◆ **What you are asked to do**
An exact copy of the entries is required, excluding any pictures.

◆ **Dataset excerpts**

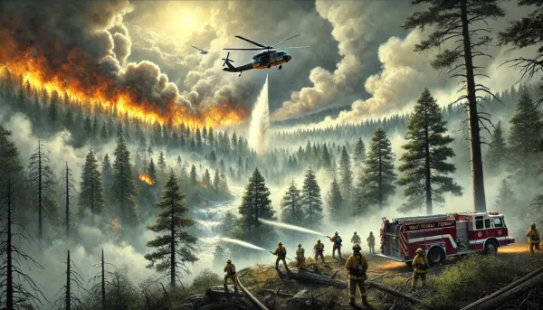 Officials have implemented advanced firefighting techniques, including backfire operations, which involve setting controlled burns ahead of the main fire to stop its spread. This strategic method, along with the use of helicopters capable of dropping up to 300 gallons of water, has been crucial in gaining the upper hand against the wildfire. The forest fire service continues to monitor and improve containment lines while mopping up any remaining hotspots.
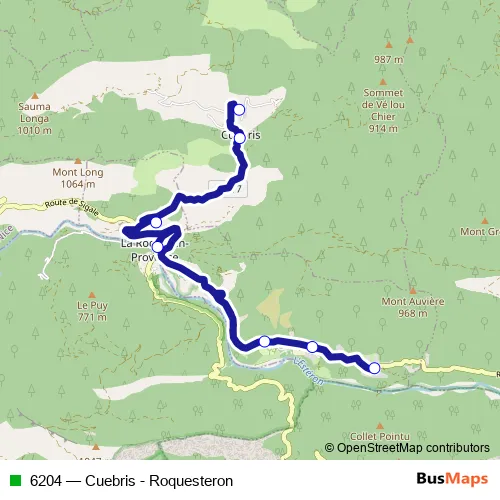 Click here to view the nearest 6204 - Cuebris - Roquesteron bus stop.
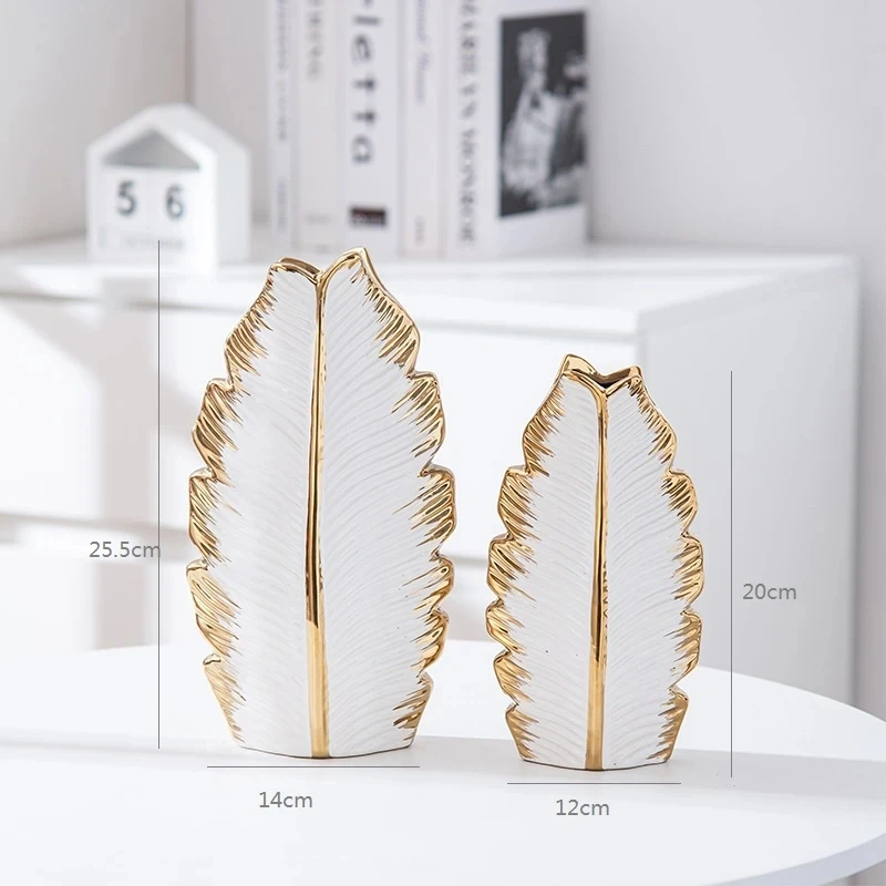 2Pcs/Nordic black gold plating leaf ceramic vase Modern simple household TV cabinet decoration vase
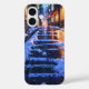 Beautiful anime-inspired phone case showing a snowy town street with footprints in snow and warm shop lights. Perfect for cosy and scenic winter designs.
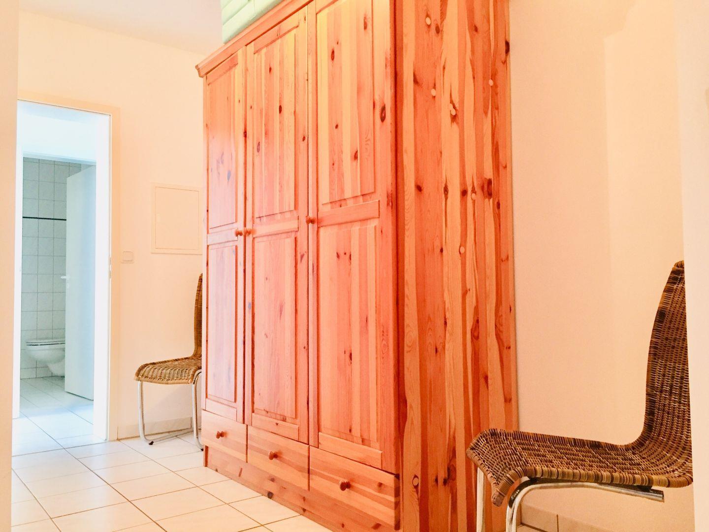 Die 93 m² große Erdgeschoßwohnung wird für bis zu 4 Personen vermietet. Der große Wohnraum ist mit einem Kaminofen ausgestattet, von hier gelangen Sie auch auf die Westterrasse. Die Küche und die Essecke schließen an den Wohnbereich an. Es stehen zwei Schlafzimmer, eines mit einem Doppelbett und eines mit zwei einzelnen Betten zur Verfügung, im Flur sorgen zwei Kleiderschränke für Stauraum. Das Badezimmer ist mit Dusche und Badewanne ausgestattet, zusätzlich gibt es noch ein Gäste WC.
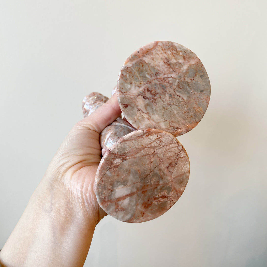 Pair of Vintage Pink Marble Candlestick Holders
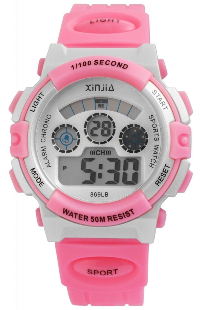 O relógio de pulso digital da marca Xinjia apresenta um movimento de quartzo de alta qualidade. A pulseira de silicone tem 23 mm de largura nas hastes e pode ser aberta e fechada com uma fivela de aço inoxidável prateada. O comprimento total do relógio é de 24,5 cm. A caixa de plástico tem um diâmetro de 44 mm e uma altura de 17 mm. É particularmente robusto contra choques e vibrações. A parte traseira da caixa é feita de aço inoxidável e é fixada à caixa com quatro parafusos de aço inoxidável. O relógio tem uma resistência à água de 5 bar. A hora digital pode ser ajustada usando os quatro botões localizados às duas, quatro, oito e dez horas. Todas as outras funções, como a iluminação do visor, a função cronômetro, o timer, a função de alarme, um segundo fuso horário e um sinal acústico de ritmo, também podem ser definidas usando os botões.

◆ **Finished exercise**
 Officials have implemented advanced firefighting techniques, including backfire operations, which involve setting controlled burns ahead of the main fire to stop its spread. This strategic method, along with the use of helicopters capable of dropping up to 300 gallons of water, has been crucial in gaining the upper hand against the wildfire. The forest fire service continues to monitor and improve containment lines while mopping up any remaining hotspots.
 Click here to view the nearest 6204 - Cuebris - Roquesteron bus stop.
 2Pcs/Nordic black gold plating leaf ceramic vase Modern simple household TV cabinet decoration vase
 Beautiful anime-inspired phone case showing a snowy town street with footprints in snow and warm shop lights. Perfect for cosy and scenic winter designs.
 Die 93 m² große Erdgeschoßwohnung wird für bis zu 4 Personen vermietet. Der große Wohnraum ist mit einem Kaminofen ausgestattet, von hier gelangen Sie auch auf die Westterrasse. Die Küche und die Essecke schließen an den Wohnbereich an. Es stehen zwei Schlafzimmer, eines mit einem Doppelbett und eines mit zwei einzelnen Betten zur Verfügung, im Flur sorgen zwei Kleiderschränke für Stauraum. Das Badezimmer ist mit Dusche und Badewanne ausgestattet, zusätzlich gibt es noch ein Gäste WC.
 Pair of Vintage Pink Marble Candlestick Holders
 O relógio de pulso digital da marca Xinjia apresenta um movimento de quartzo de alta qualidade. A pulseira de silicone tem 23 mm de largura nas hastes e pode ser aberta e fechada com uma fivela de aço inoxidável prateada. O comprimento total do relógio é de 24,5 cm. A caixa de plástico tem um diâmetro de 44 mm e uma altura de 17 mm. É particularmente robusto contra choques e vibrações. A parte traseira da caixa é feita de aço inoxidável e é fixada à caixa com quatro parafusos de aço inoxidável. O relógio tem uma resistência à água de 5 bar. A hora digital pode ser ajustada usando os quatro botões localizados às duas, quatro, oito e dez horas. Todas as outras funções, como a iluminação do visor, a função cronômetro, o timer, a função de alarme, um segundo fuso horário e um sinal acústico de ritmo, também podem ser definidas usando os botões.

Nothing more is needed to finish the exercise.